Immediate Actions Required

  • Update to a patched Linux kernel version that includes the fix for this vulnerability
  • Review kernel changelogs for your distribution to confirm the patch is included
  • Prioritize patching on systems running GPU-intensive workloads or multi-tenant environments
  • Consider temporarily disabling devcoredump functionality if patching is not immediately possible

Patch Information

The vulnerability has been addressed through multiple kernel commits across stable branches. The fix adds proper null pointer validation before accessing buffer object resources during devcoredump operations. When an evicted BO is encountered, the code now gracefully records ENODATA instead of attempting to read non-existent buffer contents.
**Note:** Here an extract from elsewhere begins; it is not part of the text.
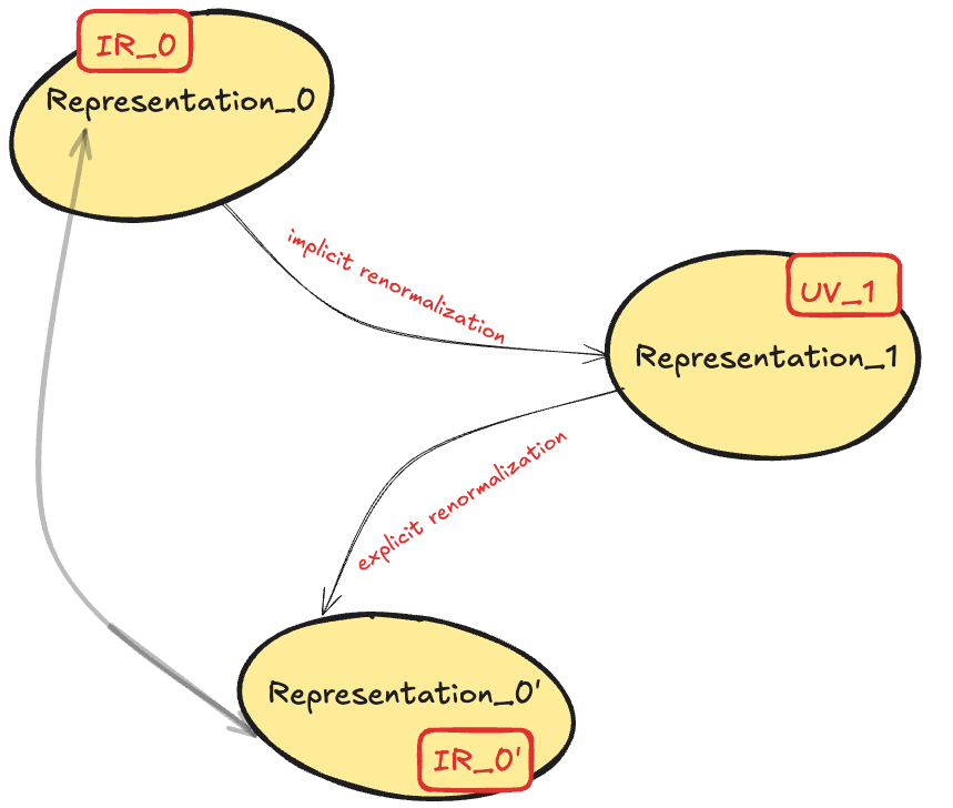 If the NN is capable of learning a meaningful generalization of the data, representation_0 flows to representation_1 (now UV_1) via an implicit RG flow to higher energies. Instead of throwing information away, flowing to UV_1 adds structure that allows it to more reliably adapt to unseen information. Depending on how granular you want your description to be, this structure can be meaningful or distracting. Interpreting this system at some meaningful (to us and the network) scale of abstraction amounts to getting rid of the noise amounts via an explicit RG flow to the low-energy representation_0’ (IR_0’). If IR_0’ falls along the same RG flow as that between IR_0 and UV_1, our interpretation has in some sense reverse engineered the NN’s representation abstraction. Conversely, if IR_0' deviates significantly from this flow, it indicates that our explicit renormalization has either introduced additional human-centric abstractions or lost important structural information from the original representation.

Relevant kernel patches are available at:

Workarounds

  • Disable GPU coredump functionality if not required by adding appropriate kernel module parameters
  • Implement resource limits on GPU memory usage to reduce eviction frequency
  • Consider using kernel live patching solutions if immediate reboots are not feasible
  • On non-critical systems, monitor and restart services rather than applying workarounds if patches can be deployed quickly
bash
# Configuration example
# Temporarily disable GPU devcoredump (if supported by your driver)
# Check your specific GPU driver documentation for exact parameters

# For AMD GPU (amdgpu driver), you can disable GPU recovery which triggers coredumps
echo "options amdgpu gpu_recovery=0" >> /etc/modprobe.d/amdgpu.conf

# Rebuild initramfs after modprobe changes
update-initramfs -u

# Verify kernel version after patching
uname -r

Disclaimer: This content was generated using AI. While we strive for accuracy, please verify critical information with official sources.